RECORDED DATA -
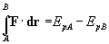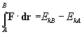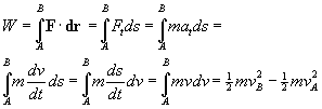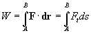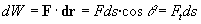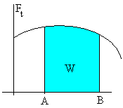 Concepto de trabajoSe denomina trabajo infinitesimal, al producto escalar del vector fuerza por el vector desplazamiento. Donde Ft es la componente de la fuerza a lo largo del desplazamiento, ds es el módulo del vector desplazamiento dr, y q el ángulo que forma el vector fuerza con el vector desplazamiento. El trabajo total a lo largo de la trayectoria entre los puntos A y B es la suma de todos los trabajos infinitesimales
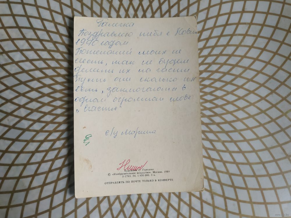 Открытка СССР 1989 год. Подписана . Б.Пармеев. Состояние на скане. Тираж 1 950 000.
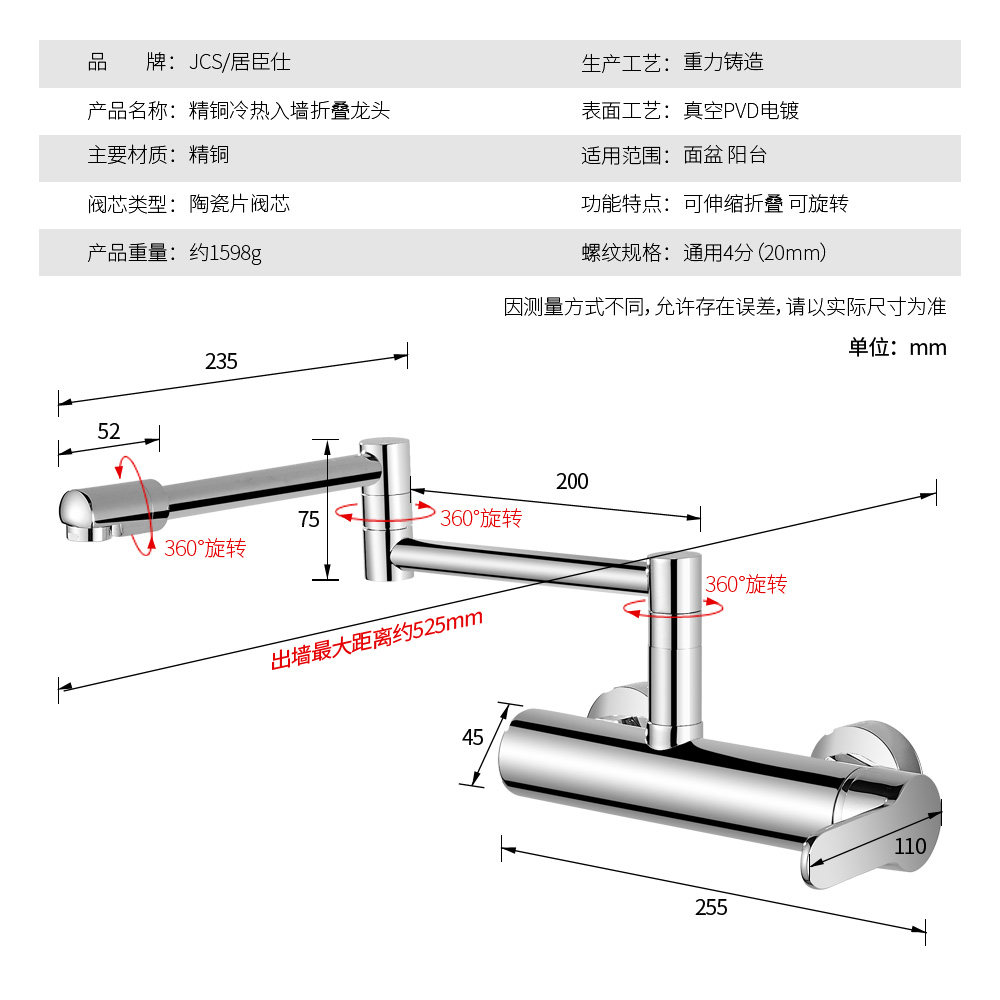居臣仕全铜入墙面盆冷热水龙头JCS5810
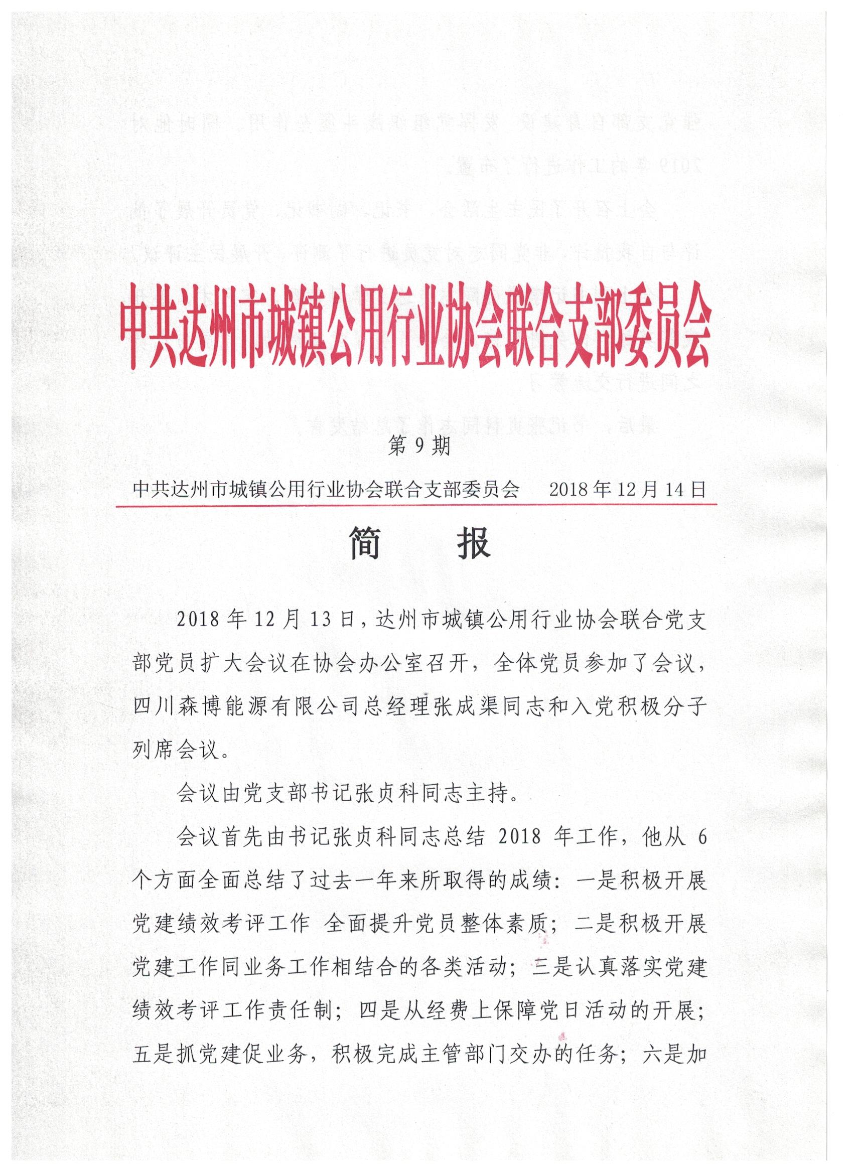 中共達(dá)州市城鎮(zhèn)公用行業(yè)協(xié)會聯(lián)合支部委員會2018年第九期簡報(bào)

WORK TO BE COMPLETED -
Return every line of the listing exactly, leaving its pictures behind.

ANSWER FOR THE TASK -
 Concepto de trabajoSe denomina trabajo infinitesimal, al producto escalar del vector fuerza por el vector desplazamiento. Donde Ft es la componente de la fuerza a lo largo del desplazamiento, ds es el módulo del vector desplazamiento dr, y q el ángulo que forma el vector fuerza con el vector desplazamiento. El trabajo total a lo largo de la trayectoria entre los puntos A y B es la suma de todos los trabajos infinitesimales
 Открытка СССР 1989 год. Подписана . Б.Пармеев. Состояние на скане. Тираж 1 950 000.
居臣仕全铜入墙面盆冷热水龙头JCS5810
 中共達(dá)州市城鎮(zhèn)公用行業(yè)協(xié)會聯(lián)合支部委員會2018年第九期簡報(bào)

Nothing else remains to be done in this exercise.